PARTIE III : LA DIRECTIVE ÉTABLIT UN CADRE JURIDIQUE NÉCESSAIRE MAIS QUI PEUT ÊTRE AMÉLIORÉ

Les rapporteurs considèrent que le cadre juridique que la Commission propose d'établir par la directive - bien qu'imparfait - est nécessaire pour réguler le développement des plateformes et encadrer les conditions de travail des travailleurs en relevant.

Elles n'ignorent pas la difficulté de légiférer sur un tel sujet. La Commission européenne, tout comme chaque législateur national, est face à une équation complexe : il s'agit d'encadrer juridiquement un modèle économique innovant, sans en freiner le développement. Il faut effectivement encadrer ses dérives sans empêcher l'expansion d'une économie numérique qui répond à une demande et qui a des atouts, notamment en termes d'accès au marché du travail des publics les plus éloignés de l'emploi.

Les rapporteurs saluent donc le principe de cette proposition de directive, mais y voient aussi certains axes d'amélioration possibles.

I. LE TEXTE RÉPOND À LA NÉCESSITÉ D'ÉTABLIR UN CADRE JURIDIQUE EUROPÉEN FACE AUX RISQUES DE « L'UBÉRISATION » ET À LA MULTIPLICATION DES CONTENTIEUX EN EUROPE

A. FIXER UN CADRE EUROPÉEN POUR UNE MEILLEURE SECURITÉ JURIDIQUE : UN OBJECTIF LOUABLE ET NÉCESSAIRE

La question du statut et des conditions de travail des travailleurs de plateforme concerne - comme indiqué précédemment - tous les pays de l'Union européenne, et même au-delà, toutes les économies occidentales.

Au vu de la multiplication et de la diversité de la jurisprudence et des législations sur le sujet, établir un cadre européen s'impose comme une nécessité.

Jusqu'ici, seul un petit nombre d'États membres de l'Union ont adopté une législation nationale visant à améliorer les conditions de travail et/ou l'accès à la protection sociale dans le cadre du travail via une plateforme. Le plus souvent, la législation nationale ne s'est attaquée qu'indirectement aux difficultés soulevées par le travail via une plateforme, ou s'est concentrée uniquement sur certains secteurs, en particulier les services de VTC et de livraison.

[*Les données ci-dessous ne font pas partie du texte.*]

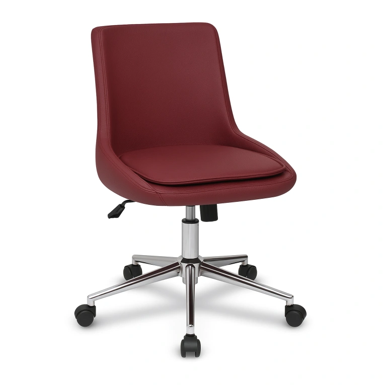 Rubra kırmızı ofis koltuğu, çapraz açıdan; akıcı kolsuz yapısı ve ayarlanabilir oturum, tekerlekli taban.
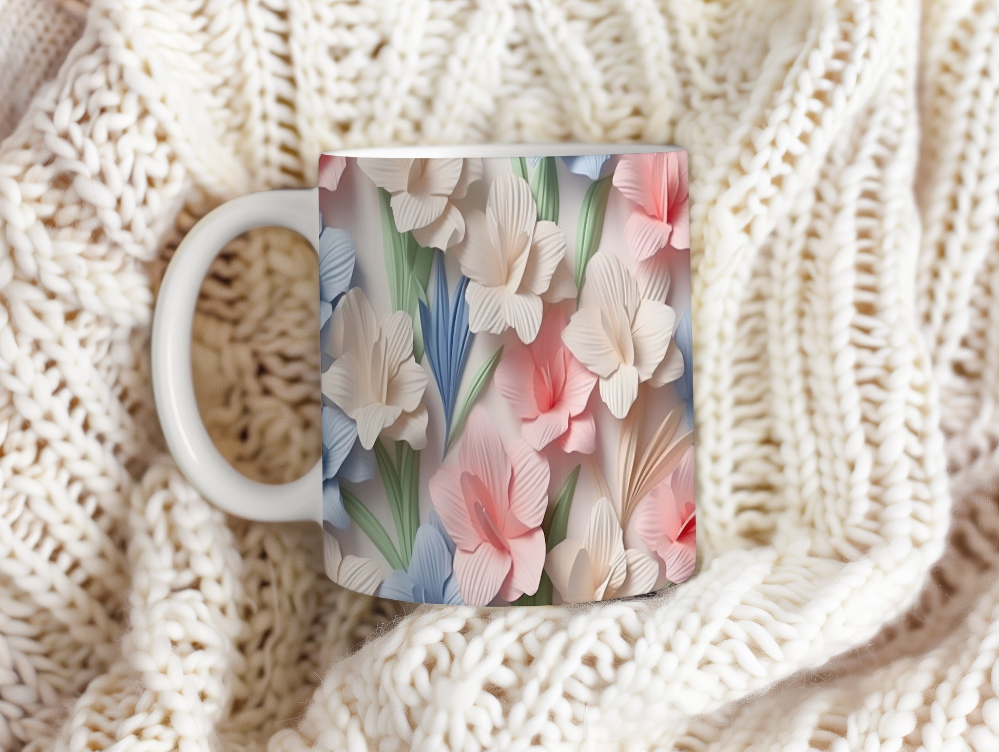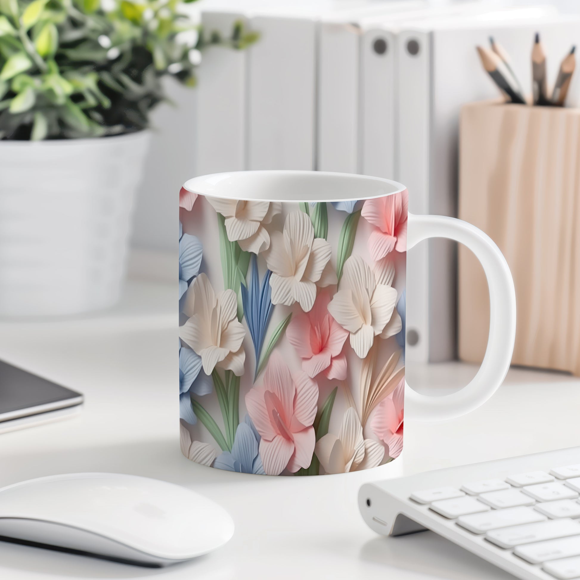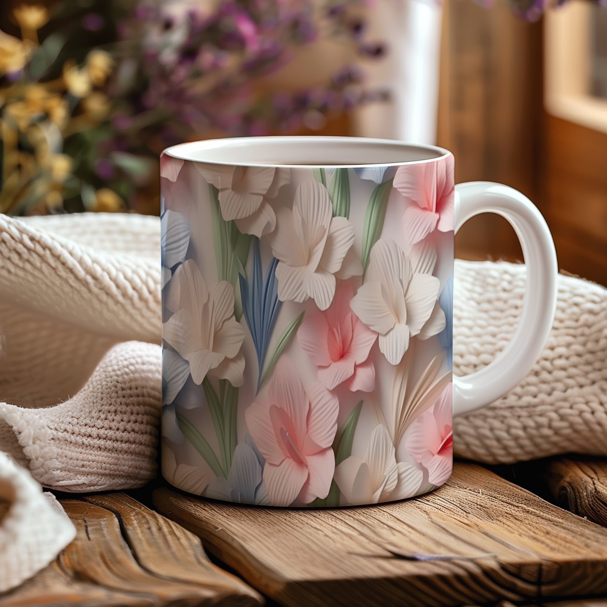 Hrnek s květinovým motivem v jemných barvách – originálním motivem

Cette proposition de directive européenne vise justement à apporter une meilleure sécurité juridique aux différents acteurs. Bien que les rapporteurs s'interrogent sur la réalité de la baisse du contentieux qui en résulterait, du moins à court terme, elles soutiennent et jugent nécessaire le cadre juridique apporté par cette directive. À cet égard, la Commission européenne a reconnu qu'il pourrait y avoir une croissance des procédures devant les juridictions à court terme, mais que le nombre de litiges devrait décroître à long terme, à la faveur d'une clarification et d'une stabilisation de l'ordre juridique.

Les rapporteurs saluent le choix de la Commission de ne pas avoir établi un troisième statut dans son texte. Les exemples européens comme l'Italie, l'Espagne ou le Royaume-Uni prouvent, en effet, que la création d'un tel tiers-statut n'est pas la panacée, puisqu'elle n'a pas empêché ces pays de connaître de nombreuses actions en requalification. Pire, il semblerait que ce troisième statut ajoute de la complexité juridique et tende à fragiliser les travailleurs précaires.

Par ailleurs, les rapporteurs ne peuvent que saluer l'objectif de cette directive de créer des conditions de concurrence équitables entre les plateformes et les entreprises traditionnelles qui emploient des travailleurs salariés. Le but est que les plateformes ne puissent plus disposer d'un avantage concurrentiel indu par rapport aux entreprises traditionnelles, en qualifiant abusivement de non-salariés les travailleurs des plateformes pour ne pas avoir à assurer l'exercice des droits et verser les prestations sociales dont ces travailleurs devraient légitimement bénéficier et ainsi réduire leurs coûts.

Les rapporteurs soulignent aussi un autre effet collatéral positif susceptible de découler de la directive : la Commission européenne estime que les États membres recevront entre 1,6 et 4 milliards d'euros de recettes annuelles supplémentaires (cotisation sociales et impôts), dont 328 à 780 millions pour la France.36(*)


* 36 Toutefois la DGE estime, s'agissant de la France, que cette estimation prend insuffisamment en compte les effets d'abattements de cotisations sociales patronales pour les rémunérations proches du SMIC. Elle considère que les effets de la directive en matière de cotisations sociales et impôts perçus devraient probablement être plus faibles, voire neutres: les hausses de taux de cotisation et de rendement de TVA étant plus ou moins compensées par l'effet des allègements généraux, les recettes publiques seraient relativement stables en cas de passage au salariat de ces travailleurs.